* _Data provided_
--------
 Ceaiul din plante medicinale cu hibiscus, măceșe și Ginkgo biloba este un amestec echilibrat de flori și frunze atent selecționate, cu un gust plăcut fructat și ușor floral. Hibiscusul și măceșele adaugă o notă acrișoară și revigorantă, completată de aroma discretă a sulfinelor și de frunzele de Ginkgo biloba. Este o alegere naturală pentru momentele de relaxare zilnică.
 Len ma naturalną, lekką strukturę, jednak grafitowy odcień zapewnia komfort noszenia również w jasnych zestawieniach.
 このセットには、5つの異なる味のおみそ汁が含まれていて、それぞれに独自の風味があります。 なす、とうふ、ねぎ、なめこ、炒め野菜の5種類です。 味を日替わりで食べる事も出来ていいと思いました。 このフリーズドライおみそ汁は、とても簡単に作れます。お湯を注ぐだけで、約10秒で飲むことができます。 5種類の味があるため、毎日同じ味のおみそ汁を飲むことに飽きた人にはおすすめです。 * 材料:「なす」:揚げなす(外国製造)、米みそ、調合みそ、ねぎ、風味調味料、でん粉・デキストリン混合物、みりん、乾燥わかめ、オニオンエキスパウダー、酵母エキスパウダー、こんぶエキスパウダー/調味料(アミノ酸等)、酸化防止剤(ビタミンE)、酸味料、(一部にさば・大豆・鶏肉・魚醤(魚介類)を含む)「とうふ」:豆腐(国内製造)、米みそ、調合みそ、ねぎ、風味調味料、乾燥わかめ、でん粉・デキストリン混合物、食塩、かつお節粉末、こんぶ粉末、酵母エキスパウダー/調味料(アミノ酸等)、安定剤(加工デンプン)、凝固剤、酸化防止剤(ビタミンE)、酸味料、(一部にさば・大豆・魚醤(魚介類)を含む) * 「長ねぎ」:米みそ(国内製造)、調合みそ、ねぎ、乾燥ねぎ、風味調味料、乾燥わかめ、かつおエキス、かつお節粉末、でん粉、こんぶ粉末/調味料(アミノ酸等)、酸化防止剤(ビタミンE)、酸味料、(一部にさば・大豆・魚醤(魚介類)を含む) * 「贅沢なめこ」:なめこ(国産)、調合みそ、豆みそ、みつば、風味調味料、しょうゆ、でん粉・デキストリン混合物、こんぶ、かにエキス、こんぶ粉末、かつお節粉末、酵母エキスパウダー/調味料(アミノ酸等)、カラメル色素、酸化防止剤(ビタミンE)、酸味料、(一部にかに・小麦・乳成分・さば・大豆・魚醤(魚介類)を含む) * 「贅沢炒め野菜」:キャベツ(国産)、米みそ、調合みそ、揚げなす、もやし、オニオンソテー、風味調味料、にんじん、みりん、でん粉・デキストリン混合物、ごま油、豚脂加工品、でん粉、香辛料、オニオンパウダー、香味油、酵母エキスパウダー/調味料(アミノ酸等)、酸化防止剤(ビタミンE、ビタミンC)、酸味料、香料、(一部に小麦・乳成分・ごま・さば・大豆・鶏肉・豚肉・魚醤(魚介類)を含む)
--------
* _Your task_
Restate, word for word and with nothing added, the lines from the first line of the listing through the one where "Len ma naturalną, lekką" stands.

* _Your response_
 Ceaiul din plante medicinale cu hibiscus, măceșe și Ginkgo biloba este un amestec echilibrat de flori și frunze atent selecționate, cu un gust plăcut fructat și ușor floral. Hibiscusul și măceșele adaugă o notă acrișoară și revigorantă, completată de aroma discretă a sulfinelor și de frunzele de Ginkgo biloba. Este o alegere naturală pentru momentele de relaxare zilnică.
 Len ma naturalną, lekką strukturę, jednak grafitowy odcień zapewnia komfort noszenia również w jasnych zestawieniach.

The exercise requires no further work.